Data shown:
-- Opening Marker --
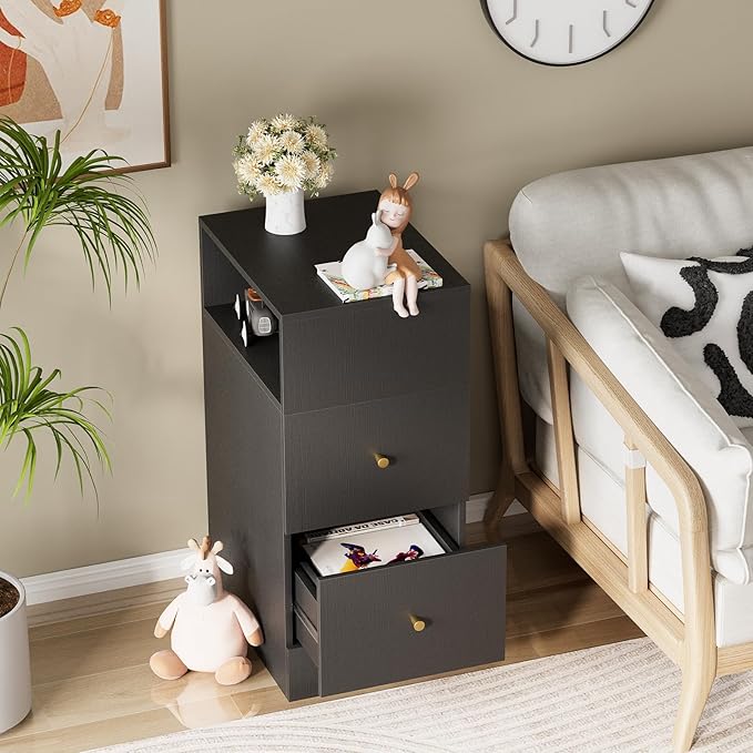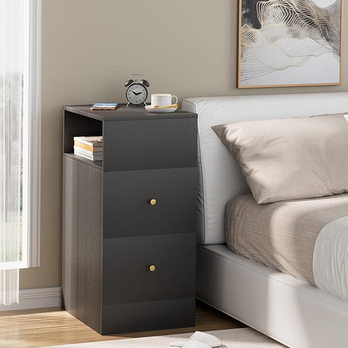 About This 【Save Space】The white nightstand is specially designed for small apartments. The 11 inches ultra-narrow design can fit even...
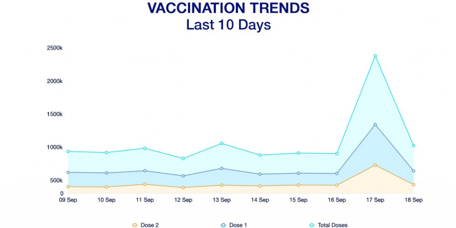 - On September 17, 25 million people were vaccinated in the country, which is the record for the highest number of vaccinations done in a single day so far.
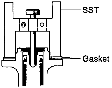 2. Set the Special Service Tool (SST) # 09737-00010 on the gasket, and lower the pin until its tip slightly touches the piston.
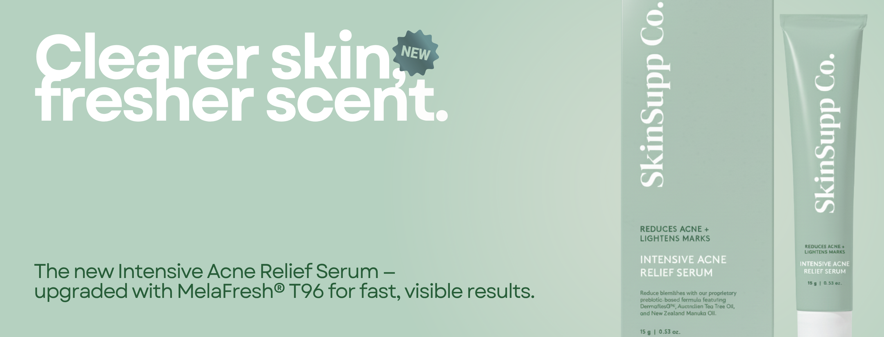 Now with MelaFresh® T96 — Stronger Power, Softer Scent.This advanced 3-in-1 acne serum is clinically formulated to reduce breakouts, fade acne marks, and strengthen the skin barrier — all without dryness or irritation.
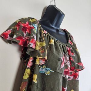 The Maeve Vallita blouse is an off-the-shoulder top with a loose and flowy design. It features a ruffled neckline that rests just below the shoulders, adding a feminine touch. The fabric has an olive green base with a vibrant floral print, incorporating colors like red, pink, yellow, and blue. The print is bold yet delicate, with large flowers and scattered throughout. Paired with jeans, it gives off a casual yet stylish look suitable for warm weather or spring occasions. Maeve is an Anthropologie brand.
-- Closing Marker --
Your task: Give the preceding data back exactly, minus every picture.

Exercise output:
 About This 【Save Space】The white nightstand is specially designed for small apartments. The 11 inches ultra-narrow design can fit even...
 - On September 17, 25 million people were vaccinated in the country, which is the record for the highest number of vaccinations done in a single day so far.
 2. Set the Special Service Tool (SST) # 09737-00010 on the gasket, and lower the pin until its tip slightly touches the piston.
 Now with MelaFresh® T96 — Stronger Power, Softer Scent.This advanced 3-in-1 acne serum is clinically formulated to reduce breakouts, fade acne marks, and strengthen the skin barrier — all without dryness or irritation.
 The Maeve Vallita blouse is an off-the-shoulder top with a loose and flowy design. It features a ruffled neckline that rests just below the shoulders, adding a feminine touch. The fabric has an olive green base with a vibrant floral print, incorporating colors like red, pink, yellow, and blue. The print is bold yet delicate, with large flowers and scattered throughout. Paired with jeans, it gives off a casual yet stylish look suitable for warm weather or spring occasions. Maeve is an Anthropologie brand.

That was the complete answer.